The view is like your own personal Instagram filter, but better because it’s real. You’ll feel weightless, see the curvature of the Earth, and come back with a story so epic that it’ll make your friends’ overseas holidays look like a weekend getaway spent camping.
Zephalto’s Celeste isn’t just for thrill-seekers; it’s for anyone who wants a taste of space with none of the rocket-fuelled chaos. So, why not ditch the regular skydiving and try the ultimate high? The only thing more ridiculous than the idea is how amazing it actually is.
Alert the polar bears and grey wolves, the Hotel of Ice in the Transylvania region of Romania is back for the 2025 season, and this year, it’s hitting all the right notes with a musical theme.
Each of the 12 igloo rooms is dedicated to a legendary composer or conductor, from Beethoven to Mozart, with ice sculptures and bas-reliefs that bring their musical genius to life. It’s like spending the night inside a symphony but, like, with more frost and fewer sheet music.

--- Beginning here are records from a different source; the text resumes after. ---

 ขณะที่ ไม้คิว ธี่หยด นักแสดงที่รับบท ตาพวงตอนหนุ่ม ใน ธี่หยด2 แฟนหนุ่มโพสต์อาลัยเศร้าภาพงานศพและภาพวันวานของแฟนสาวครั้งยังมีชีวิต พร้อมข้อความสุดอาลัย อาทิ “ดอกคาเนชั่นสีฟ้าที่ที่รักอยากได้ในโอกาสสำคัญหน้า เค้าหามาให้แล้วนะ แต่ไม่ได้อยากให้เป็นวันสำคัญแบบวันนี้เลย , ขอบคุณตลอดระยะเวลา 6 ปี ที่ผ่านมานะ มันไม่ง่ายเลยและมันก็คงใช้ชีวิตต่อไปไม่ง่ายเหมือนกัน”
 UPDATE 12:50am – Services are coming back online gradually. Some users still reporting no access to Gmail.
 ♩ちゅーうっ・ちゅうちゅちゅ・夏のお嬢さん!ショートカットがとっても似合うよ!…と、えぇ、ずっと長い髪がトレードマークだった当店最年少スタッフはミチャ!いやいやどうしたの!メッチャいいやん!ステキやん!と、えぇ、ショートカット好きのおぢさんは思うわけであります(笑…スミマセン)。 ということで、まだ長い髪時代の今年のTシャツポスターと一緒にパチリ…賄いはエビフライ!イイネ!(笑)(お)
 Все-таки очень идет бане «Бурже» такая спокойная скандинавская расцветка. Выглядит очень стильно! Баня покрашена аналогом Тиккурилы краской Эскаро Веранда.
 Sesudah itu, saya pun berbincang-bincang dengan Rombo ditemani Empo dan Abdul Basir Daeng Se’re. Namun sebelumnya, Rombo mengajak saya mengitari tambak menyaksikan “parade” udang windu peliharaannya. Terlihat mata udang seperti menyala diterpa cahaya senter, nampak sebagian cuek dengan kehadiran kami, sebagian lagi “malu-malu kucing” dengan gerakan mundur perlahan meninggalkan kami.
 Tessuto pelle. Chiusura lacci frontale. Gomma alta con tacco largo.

Getting there is one of the coolest (literally) things about it; it’s just a casual cable car ride over 2,000 metres up in the Făgăraș Mountains. It’s not for the faint of heart (or for those who are even remotely scared of heights), but if you’ve ever wanted to feel like a true adventurer – this is your ticket. No shuttle buses here, just an icy journey to your cool destination.
And once you arrive, you’ll be greeted by all the icy wonders of the hotel, with features that include a cosy restaurant and a bar, both carved entirely from ice. You’ll dine on reimagined ancient Transylvanian dishes served on ice plates and sip cocktails at the Sub-Zero Ice Bar.

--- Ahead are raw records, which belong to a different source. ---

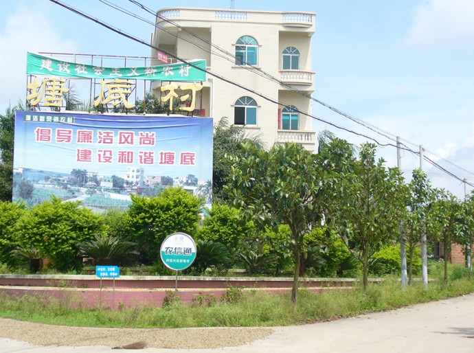 塘底村地處新民鎮(zhèn)西北部,全村現(xiàn)有人口1182人,耕地面積490畝,種果面積450畝,2005年實(shí)現(xiàn)人均純收入達(dá)3000多元。近年來,該村致力把村容、村貌環(huán)境建設(shè)作為新時(shí)期農(nóng)村工作的首要任務(wù)來抓好,高標(biāo)準(zhǔn)、高起點(diǎn)建起了初具規(guī)模的生態(tài)文明新農(nóng)村。至2005年底止,全村共投資280多萬無,清除雜竹1200多叢,28000多根,清理雜屋80多間,1500多平方米,推土8000多立方米,填污水塘5個(gè),建設(shè)環(huán)村道5.8公里,建設(shè)文化樓一幢,燈光球場一個(gè),大舞臺(tái)一個(gè),種植大王椰108棵、蘇鐵106棵、黃金梅球88個(gè)、黃皮果苗1600株、草皮1000平方米,綠化面積達(dá)3900平方米,房屋門前硬底化面積3500平方米,從而使整個(gè)村莊的精神面貌煥然一新。該村在抓好生態(tài)文明村建設(shè)的同時(shí),著力抓好社會(huì)治安綜合治理和民主法制教育以及反腐倡廉教育,村中無打架、斗毆、吸毒、賭博,無重大刑事案件發(fā)生。近年來,該村先后被授予廣東省文明村、廉江市生態(tài)文明村、無毒社區(qū)、安全文明小區(qū)和湛江市優(yōu)秀安全文明小區(qū)、湛江市民主法治示范村等光榮稱號(hào),是省、市反腐倡廉教育進(jìn)農(nóng)村示范點(diǎn)。
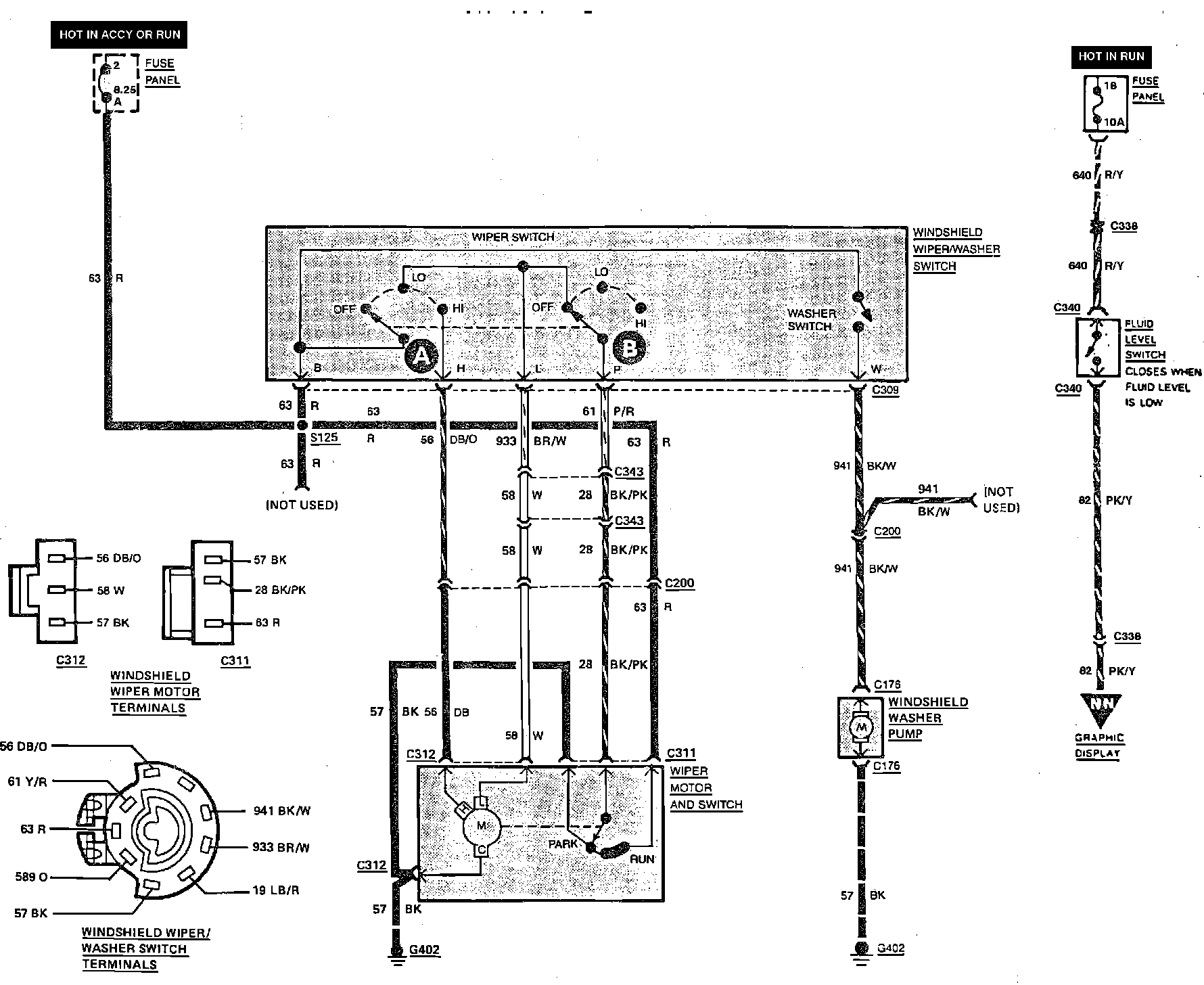 Windshield Washer & Wiper Wiring Circuit. Less Interval:
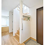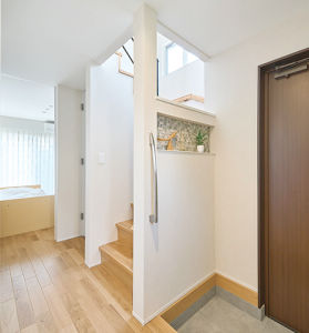階段の踊り場から光を取り込むため、壁に開口を設け玄関を明るく。
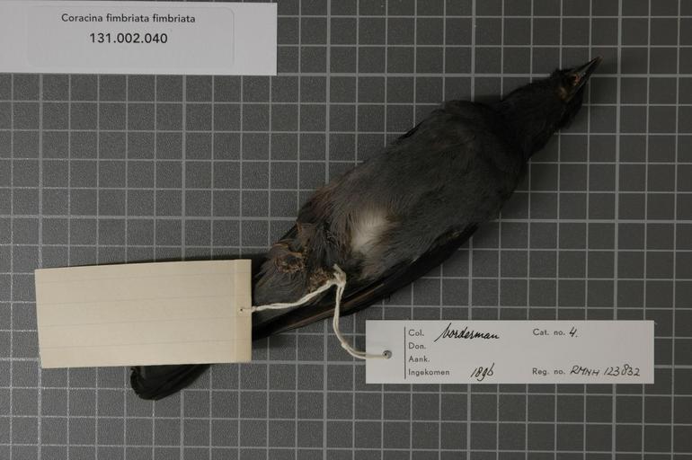 | Keywords: Naturalis Biodiversity Center - RMNH.AVES.123832 2 - Coracina fimbriata fimbriata (Temminck, 1824) - Campephagidae - bird skin specimen.jpeg artwork Dimensions artwork Document type Campephagidae Coracina Individual count 1 Infraspecific epithet fimbriata Infraspecific rank Institution Naturalis Kind of unit artwork Kind of unit specimen skin Life stage Indonesia W Java Salak Medium artwork Nomenclatural code Sex remark male lab Occurrence ID page Other fields Other versions artwork Permission license Naturalis donation CC-0 Publication location Scientific name Coracina fimbriata fimbriata Temminck 1824 Scientific name authorship Temminck 1824 male Source url http //bioportal naturalis nl Specific epithet fimbriata State or province W Java Subject keywords artwork Subject keywords publication Title artwork Title publication Type status Uploaded with GWToolset Naturalis_Biodiversity_Center_-_RMNH AVES 123832_2_-_Coracina_fimbriata_fimbriata_ Temminck _1824 _-_Campephagidae_-_bird_skin_specimen http //medialib naturalis nl/file/id/RMNH AVES 123832_2/format/large Media donated by Naturalis Biodiversity Center Songbird specimens at Naturalis Biodiversity Center Coracina fimbriata fimbriata |

Staying here might seem a little crazy – especially for those of us who hate the cold – but when are you ever going to get the chance to sleep in a room dedicated to your favourite composer, eat food on ice, and drink at a bar where the glasses freeze your hand (wear gloves)?
It’s truly an experience like no other, blending art, music, and the chill of Transylvania’s finest icy peaks together to make all of your frosty dreams come true.